# Finding Singular points

1. Apr 19, 2008

### ash4sigh

hi,

given the system ml$$^{2}$$$$\theta''$$+b$$\theta'$$+mglsin($$\theta$$)

how do I find the singular points??

or any system for that matter - trying the isocline method just not working!! tedious..

Last edited: Apr 19, 2008
2. Apr 19, 2008

### HallsofIvy

Staff Emeritus
First that isn't a system, it is a single equation (actually what you wrote isn't even an equation but I assume that was supposed to be "= 0").

Start by writing it as a system of equations: let $\omega= \theta'$ so that $\theta"= \omega'$ and your one equation becomes two first order equations:
$ml^2\omega'+ b\omega+ mglsin(\theta)= 0$ and $\theta'= \omega$ or
$ml^2\omega'= -b\omega- mglsin(\theta)$ and $\theta'= \omega$.
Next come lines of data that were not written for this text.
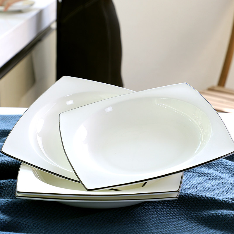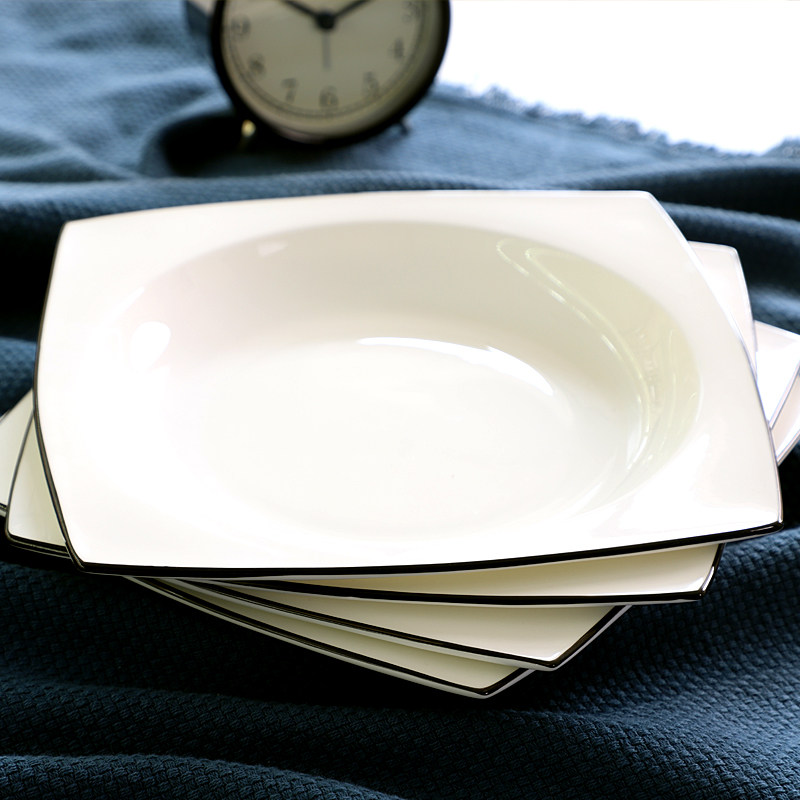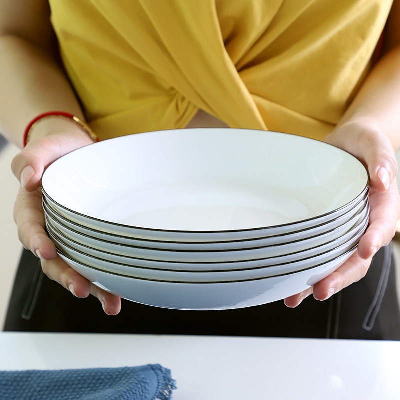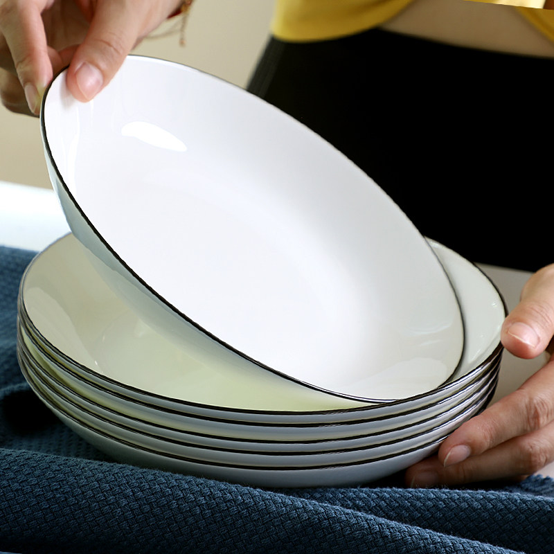 Plate package combined dishes household in dishes creative Western meal black line ceramic plate Nordic tableware Japanese
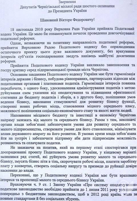 30.11.2010 Чернігівська міськрада просить Президента ветувати Податковий кодекс. Офіційно
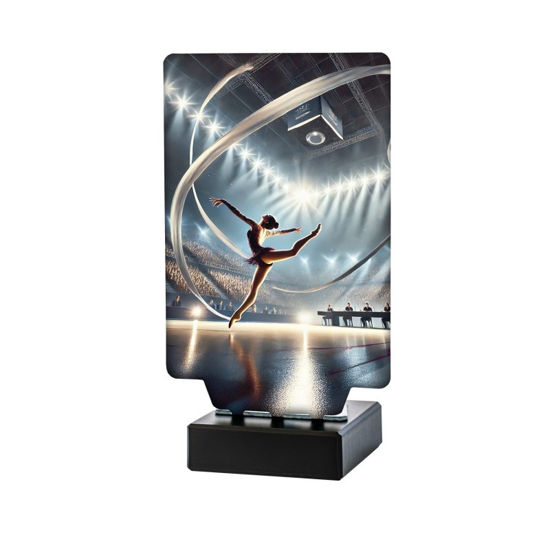 El Trofeo de Gimnasia Rítmica de la Colección Aura está diseñado para premiar la elegancia, la flexibilidad y la destreza que definen a las campeonas de gimnasia rítmica. Este trofeo metálico, con una robusta base de mármol, es ideal para reconocer el esfuerzo, la técnica y la gracia en competiciones tanto a nivel escolar como profesional.
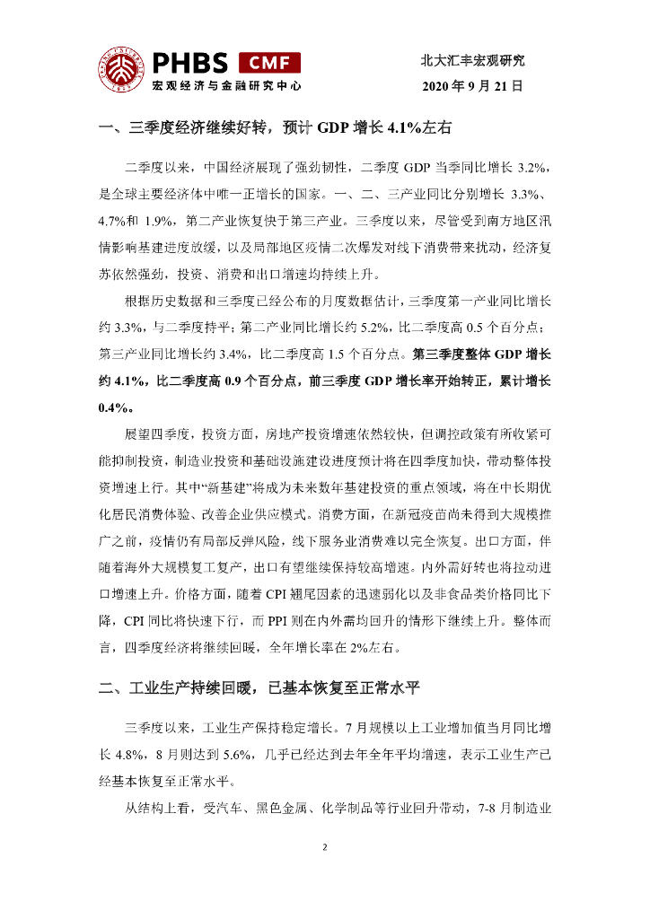 北大汇丰智库:出口增速持续上升,GDP 增长有望超4%——2020年第三季度中国宏观经济分析.pdf

Now "singular points" (or "equilibrium points), points that are single point solutions to the system, are those $(\theta, \omega)$ points where the right hand sides of those equations are 0. (I'm very surprised you didn't know that.)

In other words, you must solve the pair of equations $b\omega+ mgl sin(\theta)= 0$ and $\omega= 0$. And that, obviously, reduces to solving $\sin(\theta)= 0$.

3. Apr 19, 2008

### ash4sigh

it is a pendulum system - not sure where the second theta came from in the first term though..

so it'll be $(\theta= 0+k\Pi,w=0)$ where k is an integer

thank you very much - I have a million and one questions to ask

the hard part with this one is that I am trying to see it from a phase plane perspective - and visualising where the isoclines converge when you can only draw a couple by hand is tough for a newbie..

thank you for your time, I will be sure to be back.